### RECORDS SUPPLIED

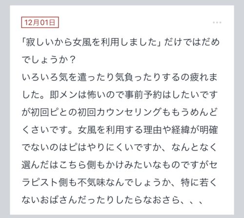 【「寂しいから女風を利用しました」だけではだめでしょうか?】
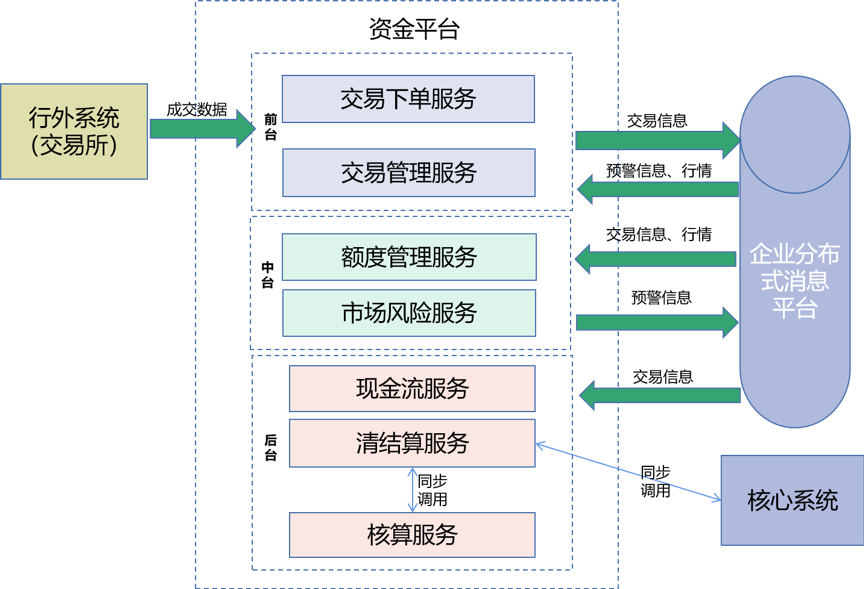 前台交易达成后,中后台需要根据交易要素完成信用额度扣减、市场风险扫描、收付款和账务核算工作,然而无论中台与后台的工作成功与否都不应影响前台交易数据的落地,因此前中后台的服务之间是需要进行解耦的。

######
### RECORDS SUPPLIED

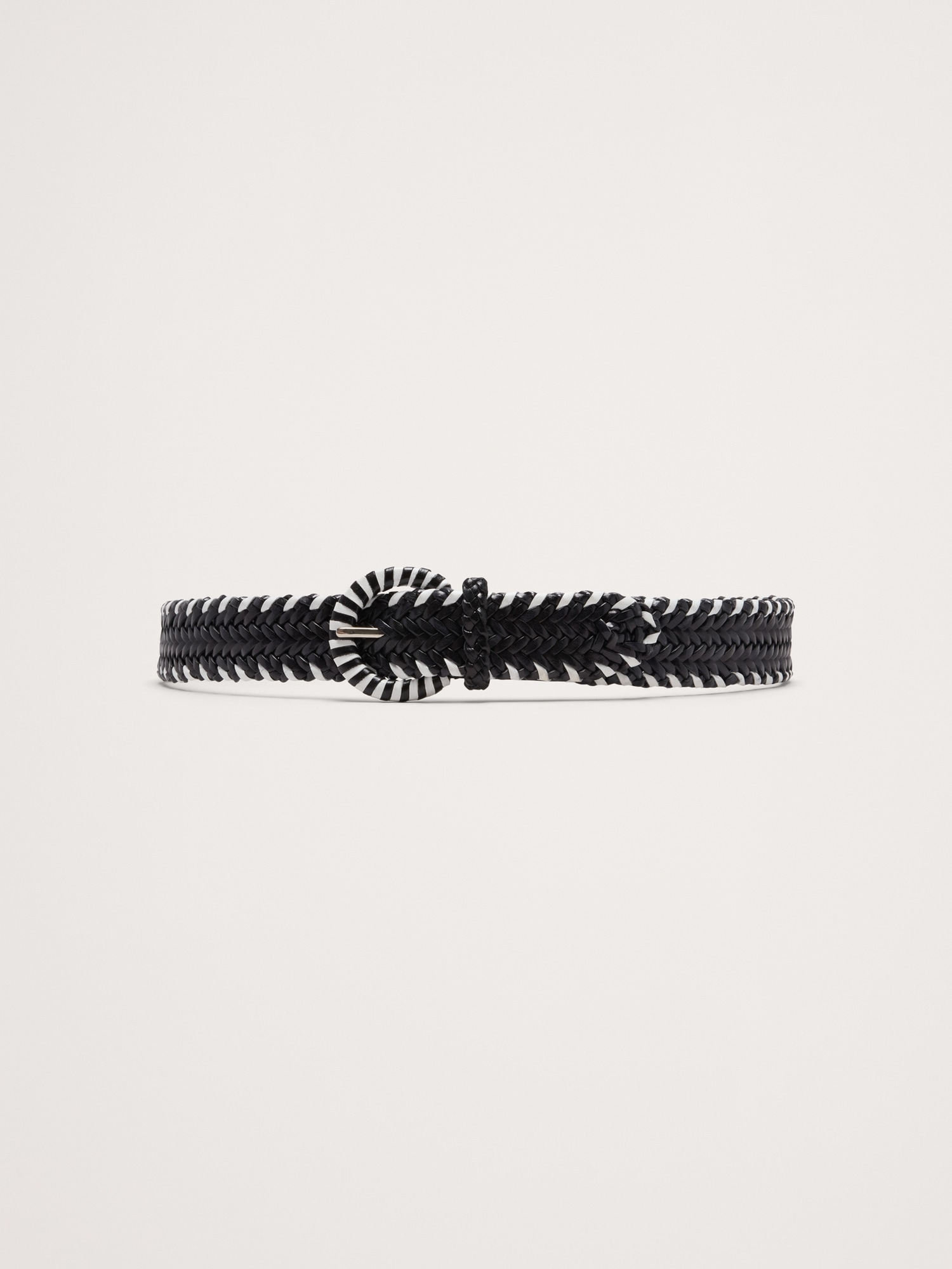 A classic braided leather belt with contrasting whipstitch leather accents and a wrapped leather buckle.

######
### RECORDS SUPPLIED

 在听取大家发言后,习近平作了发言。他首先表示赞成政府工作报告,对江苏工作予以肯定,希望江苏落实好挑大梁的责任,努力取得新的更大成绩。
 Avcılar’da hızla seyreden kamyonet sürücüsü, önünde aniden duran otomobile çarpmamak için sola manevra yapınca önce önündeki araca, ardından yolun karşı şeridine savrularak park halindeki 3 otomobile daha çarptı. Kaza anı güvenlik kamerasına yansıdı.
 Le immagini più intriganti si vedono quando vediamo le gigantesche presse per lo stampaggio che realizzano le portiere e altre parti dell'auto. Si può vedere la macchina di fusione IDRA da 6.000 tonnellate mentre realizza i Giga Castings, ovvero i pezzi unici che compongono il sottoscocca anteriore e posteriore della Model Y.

######

### PROBLEM DETAILS
Repeat exactly the lines above from the one with "Avcılar’da hızla seyreden" up to and including the one with "Le immagini più". No other line belongs in the reply.

### TASK ANSWER
 Avcılar’da hızla seyreden kamyonet sürücüsü, önünde aniden duran otomobile çarpmamak için sola manevra yapınca önce önündeki araca, ardından yolun karşı şeridine savrularak park halindeki 3 otomobile daha çarptı. Kaza anı güvenlik kamerasına yansıdı.
 Le immagini più intriganti si vedono quando vediamo le gigantesche presse per lo stampaggio che realizzano le portiere e altre parti dell'auto. Si può vedere la macchina di fusione IDRA da 6.000 tonnellate mentre realizza i Giga Castings, ovvero i pezzi unici che compongono il sottoscocca anteriore e posteriore della Model Y.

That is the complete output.